For NBA Teams, A Date In Early February Might Have More Importance Than Usual

Save the date in your calendar: 5th February 2023. For that is the end date of the upcoming Australian NBL basketball regular season.

There will be a postseason, of course, yet even that will finish early, at least when compared to the NBA. By the end of February, the entire NBL postseason will be complete. And for NBA teams, this means Australian NBL players can then, assuming their particular NBL contracts and teams allow for it, sign with NBA teams for the remainder of the NBA season, with enough time left to either get settled before the playoffs or to audition for a spot in 2023/24.

Australia’s NBL has been on a decade-long resurgence, going from almost bankrupted around the time of the global financial crisis – punctuated by the ignominy of the Melbourne South Dragons going out of business within weeks of winning the 2008/09 title – to being a premier world basketball destination. Stability, widespread coverage, favourable weather and no language barrier for American players, plus Australia’s own ever-improving development pipeline of domestic talent, has seen the league grow year on year to the point that it now regularly houses some of the best former NBA players, and produces some of the best NBA prospects.

By way of example, of the nine teams currently in the NBL, there are 30 players who have signed NBA contracts at some point (including multi-year veterans such as Tyler Johnson, Aron Baynes, Matthew Dellavedova, Zhou Qi, Jarrell Brantley and Derrick Walton), and two unsigned draft picks (Luke Travers and Hugo Besson). Other valued world prospects such as Kai Sotto, Ariel Hukportl and Nikhail Mikhailovskii have taken to switching hemispheres, too, so as to take advantage of the NBL’s development pipeline.

In recent NBA Drafts, players such as Josh Giddey, R.J Hampton, Ousmane Dieng, Dyson Daniels (via the intermediate stop of the G-League Ignite) and LaMelo Ball have all come from Australia, spending at least one season with an NBL franchise. They add to a list of current and former Australian NBL players that is trending upwards at quite a rate, plus another list of international-calibre Australian players who have chosen to stay home. After all, with the league going from strength to strength, there is no reason to leave.

Not bad for a league that was selling franchises for a mere A$20,000 barely a decade ago.

Concurrent with this – but not coincidental to it – NBL teams have also frequently been taking part in preseason games against NBA opposition. It is not a surprise to see that NBA teams usually win these games, and sometimes handily. But the gap is ever-closing. And this year, the NBL broke its duck, as the Adelaide 36ers came to Phoenix to take on the Suns – and won.

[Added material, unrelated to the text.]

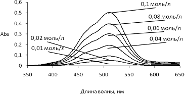 Рисунок 14 - Спектры поглощения растворов хлорида кобальта полученные на спектрофотометре до вымачивания полимера

The 36ers’ victory in that game came from an outside barrage worthy of, and perhaps derived from, the NBA’s own modern focus on shooting from range. Former Charlotte Hornets and Orlando Magic forward Robert Franks combined with former Dallas Mavericks and Atlanta Hawks wing Antonius Cleveland to shoot 9-14 from three-point range, while reigning G-League Most Improved Player Craig Randall II hit a massive 9-17 of his own. At the same time as the NBA is prising away the best parts of the Australian game, the NBL is having its choice of the NBA’s residual excesses, too.

Because of the high level of international exposure that the NBL has, helped immensely by these preseason games and the availability of its broadcasts online, the NBL is a good place to go for any player with NBA aspirations and borderline talent, looking for an opportunity. This is also where the date mentioned in the introduction comes into play. The 5th February end date of the regular season is a considerably earlier one than all other leagues of comparable standard, whose seasons end at either roughly the same time as the NBA’s does, or later.

In some cases, then, the NBL can be seen to function as something of an extra G-League. Not by design (the NBL is in no way an official subsidiary of the NBA), but through circumstance, calling someone up roughly March-time from the Adelaide 36ers is not much different in function than calling them March-time from the Ontario Clippers.

NBA teams can monitor the play and development of NBL players they have an eye on – the 36ers’ trio of Cleveland, Franks and Randall II are a good example of such – and then, because of the relevant dates, pick them up in the second half of the season. Not all NBL players are eligible or capable-enough to merit signing in this way, but then, neither are all players in the G-League, either.

Contrary to the common misconception, there is no date by which players must be signed to be eligible for the NBA playoffs, other than the final day of the regular season (i.e. before they start). The only rule is that if a player is on an NBA roster by the close of business on 1st March, that team is the only one they can play for in the postseason. But if they are in Australia at that time, there is no such issue. And so if your NBA team is looking for some mid-season reinforcements by the time 2023 rolls around, don’t forget to look down under.